FIG. 1 shows an example of the reaction tank of the present invention. 9 in the figure)
1 is a reaction zone, 2 is a stationary zone, 3 is a baffle plate installed in a part of the stationary zone, 4 is a stirring blade installed in the center of the reaction zone, and 5 is a stirring shaft , numeral 6 represents a raw material injection valve, numeral 7 represents a cracked oil extraction lobal, numeral 8 represents an optically anisotropic pitch extraction port, and numeral 9 represents a liquid level of a reactant. Figure 2 shows an example of a baffle plate. FIG. 3 is an example of a flowchart for continuously producing optically anisotropic pitch from raw pitch by the method of the present invention. In the figure, numeral 11 is a raw material pitch tank, numeral 12 is a raw material preheater, numeral 13 is a reaction tank having a reaction zone and a stationary zone,
Reference numeral 14 denotes a finished cypress for adjusting the optically anisotropic phase-containing chi and softening point of the extracted optically anisotropic pitch;
Reference numeral 15 represents a cracked oil separator, reference numeral 16 represents a pressurizer for sending inert gas into the reaction tank, reference numeral 17 represents an inert gas preheater, and reference numeral 18 represents a flaker. Patent applicant: Toa Fuel Industry Co., Ltd. Agent: Patent attorney: Kiyoshi Takita 3rd session

Claims (8)

[Claims] (1) The upper part of the reaction tank is a reaction area where the optically anisotropic pitch component is generated and increased by thermal decomposition polycondensation of the raw material for producing the optically anisotropic pitch, and is heated to a temperature of about 3806C or higher. By making the lower part of the reaction tank a stationary zone with a temperature of about 400'C or less and not being substantially stirred, the optically anisotropic pitch component generated and increased in the reaction zone can be continuously absorbed. Optical anisotropy, characterized by the fact that optically anisotropic pitch is produced from raw materials that are separated and deposited at the bottom of the static zone and continuously injected into the top of the reaction tank, and then continuously extracted from the bottom of the reaction tank. Continuous production method of pitch. (2) The pyrolysis polycondensation reaction in the reaction zone is carried out under an inert gas flow.

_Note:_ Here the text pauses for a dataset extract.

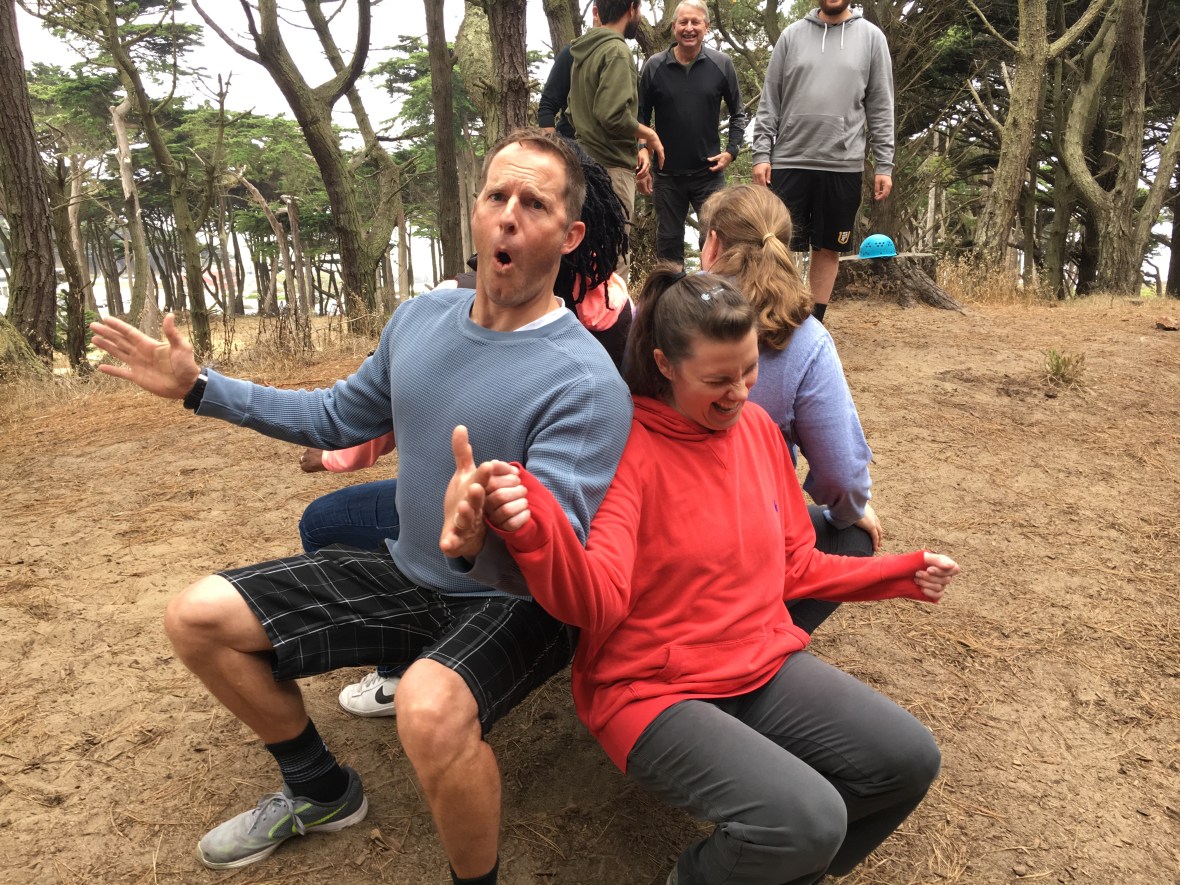 Team challenge – get from wooden box A to B by making a bridge with only two planks. Getting cozy while providing some counterbalance. BEST part: debriefing the experience and reflecting on how a big group tried to make decisions – often with good ideas getting drowned out by louder voices. Hmmm…implications for organizational well-being? (Rhetorical question)

12. The method for continuously producing optically anisotropic pitch according to item 11. (3) The temperature of the reaction zone is approximately 380 to 430°C.
Continuous production method of optically anisotropic pitch described in section 2) (4) The method for continuously producing an optically anisotropic pitch according to claim 11 or (2), characterized in that the temperature of the heating area is about 330 to 380°C. . (5) A space between the reaction zone and the static zone of the reaction tank is provided to suppress the influence of stirring of the reaction zone on the static zone without interfering with the settling of the optically anisotropic pitch generated in the reaction zone. Siya 1
A method for continuously producing an optically anisotropic pitch according to claim 1 (fl) or (2), characterized in that a plate is provided. (6) In order to suppress the flow of the contents of the stationary area, at least the upper half of the stationary area is cut with two or more baffle plates. ) or (2), the method for continuously producing an optically anisotropic pitch. (7) A patent claim characterized in that in order to suppress the flow of the contents of the stationary area, a baffle plate is provided in the entire stationary area, and the stationary area is substantially divided into two or more vertically elongated chambers. Range number +
11. The method for continuously producing an optically anisotropic pitch according to item 11 or item (2). (8) A patent claim characterized in that the quality of the optically anisotropic pitch as a product is stabilized by performing field pack control by controlling the inflow amount of raw materials and the extraction flow rate of the optically anisotropic pitch. A method for continuously producing an optically anisotropic pitch according to item (1) or item C).